L’alimentation durable, c’est…

Face à l’internationalisation et l’industrialisation massive de la production alimentaire, aux scandales récurrents, au développement de maladies, allergies et intolérances alimentaires, nous sommes nombreux à nous poser de plus en plus de questions sur la qualité de ce qui se retrouve dans notre assiette et sur l’impact de l’industrie agro-alimentaire pour notre planète la terre.

L’alimentation durable est une réponse à ces questions et une mise en pratique quotidienne qui rend l’acte de se nourrir viable sur le long terme, vivable et équitable.

 

Durable pour le corps

Tout d’abord, l’alimentation durable se base sur des aliments qui sont sains pour notre corps. Il s’agit de retrouver le principe premier de la nourriture : donner à notre corps ce dont il a besoin pour fonctionner et se régénérer, sans l’encombrer de produits non naturels qu’il ne peut utiliser pleinement.

Pour cela, il est nécessaire de manger des aliments ressourçants, c’est-à-dire de retrouver les produits de nos ancêtres cultivés naturellement et non transformés. Ces aliments seront consommés crus ou cuits à basse température pour préserver leurs qualités nutritives.

Durable pour la terre

S’il est nécessaire de ne pas polluer notre corps, il est aussi indispensable de ne pas polluer notre terre. L’alimentation durable passe par des aliments qui sont cultivés dans le respect de la terre et du cycle de la nature : des produits de saison, issus d’une production locale la moins énergivore possible.

Durable dans le temps

Enfin, il est nécessaire que ce mode alimentaire soit durable dans le temps : viable économiquement tant pour le producteur que pour le consommateur, vivable dans l’organisation quotidienne : l’achat et la préparation des repas peut se faire rapidement et efficacement et équitablement pour tous – tant pour la planète que pour le corps, tant pour les producteurs que pour les consommateurs.

 

Pistes pratiques

Avec ces principes, il semble évident de se tourner vers l’agriculture biologique et les réseaux courts de distribution. Il s’agit de trouver des produits naturels, de saison et locaux. Le label « bio » est une garantie, mais n’est pas nécessaire si vous connaissez la provenance des produits. Choisir le réseau local, c’est aussi soutenir les petits producteurs de votre région et permettre ainsi une viabilité économique près de chez vous.

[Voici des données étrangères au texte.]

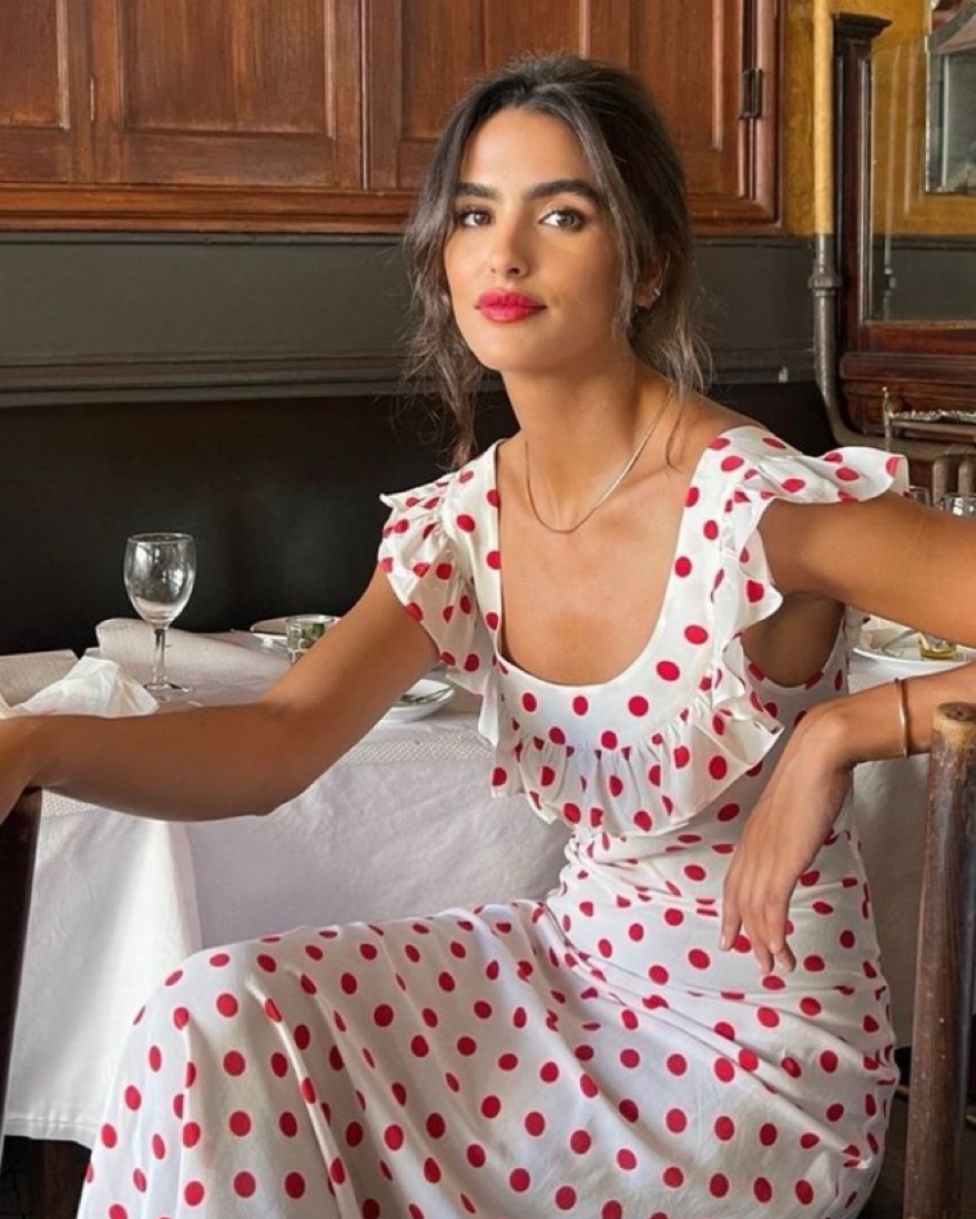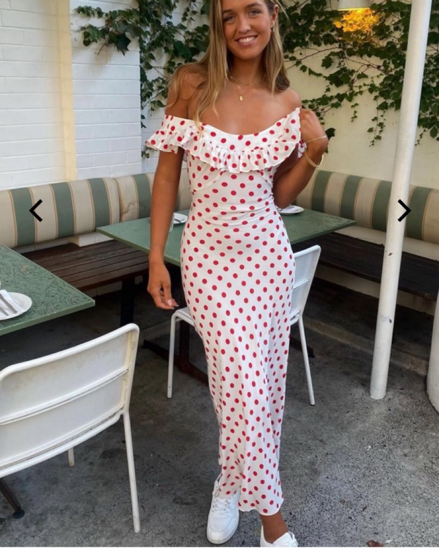 Show stopper, fun polka-dot dress from the Claudia Schiffer collab. Super rare, sold out, perfect for wine tasting in Napa, a fun date or your birthday party. Excellent condition 100% silk, Super Dot print. Relaxed fit w/ ruffle neckline, adjustable back tie, slip on, true to size.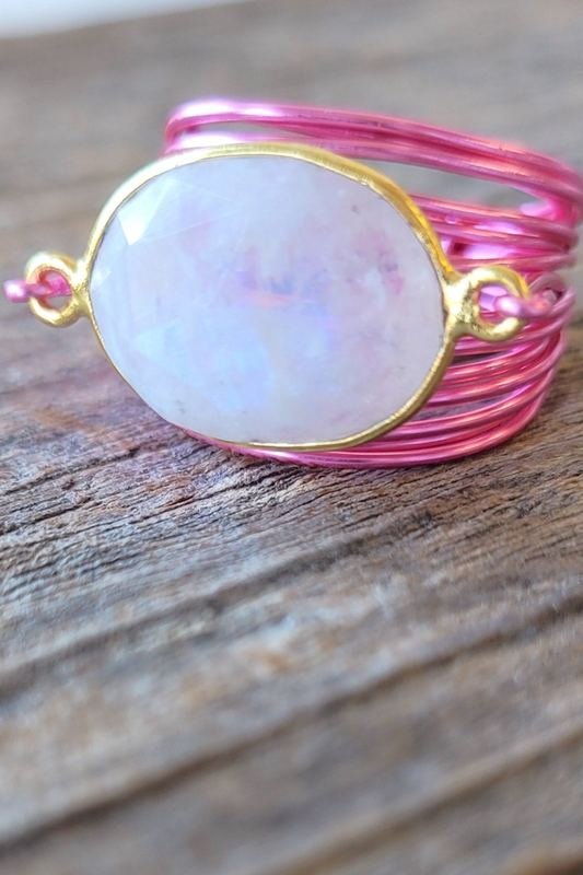 Available in hot pink over copper wire, with a 14k gold bezel set semi-precious gemstone. These rings will vary slightly due to the individual nature of the stones which are semi-precious and unique.

Plusieurs possibilités s’offrent à vous pour vous approvisionner :

  • directement chez le producteur, à la ferme
  • via une coopérative d’achat
  • via un GASAP (Groupement d’achats solidaires de l’agriculture paysanne)
  • via un panier de légumes (fournis à domicile ou en magasin bio)
  • via un magasin bio

Quelques pistes en Belgique

  • Les Gasap qui mettent en lien un agriculteur et un groupement d’habitants.
  • La ruche qui dit oui  permet de vous réunir pour acheter directement aux producteurs de votre région
  • Coprosain est une coopérative d’agriculteurs wallons présents sur les marchés et dans certains magasins à Bruxelles et en wallonie.
  • Le Bioguide est un guide des points de vente bio à Bruxelles.
  • L’Apaq-w est l’agence pour la promotion d’une agriculture de qualité et son guide des produits bio en wallonie.
  • La belle verte propose une livraison de paniers de légumes à domicile à Bruxelles en en Brabant wallon.

 

Quelques pistes en  France

  • Les Biocoop : plus qu’un réseau de distribution, Biocoop est avant tout un projet coopératif, singulier, qui agit pour une agriculture biologique durable et pour un commerce équitable. Né de consommateurs engagés, le réseau Biocoop s’attache à placer l’éthique et la coopération au centre de son activité et de son développement.
  • La ruche qui dit oui  permet de vous réunir pour acheter directement aux producteurs de votre région.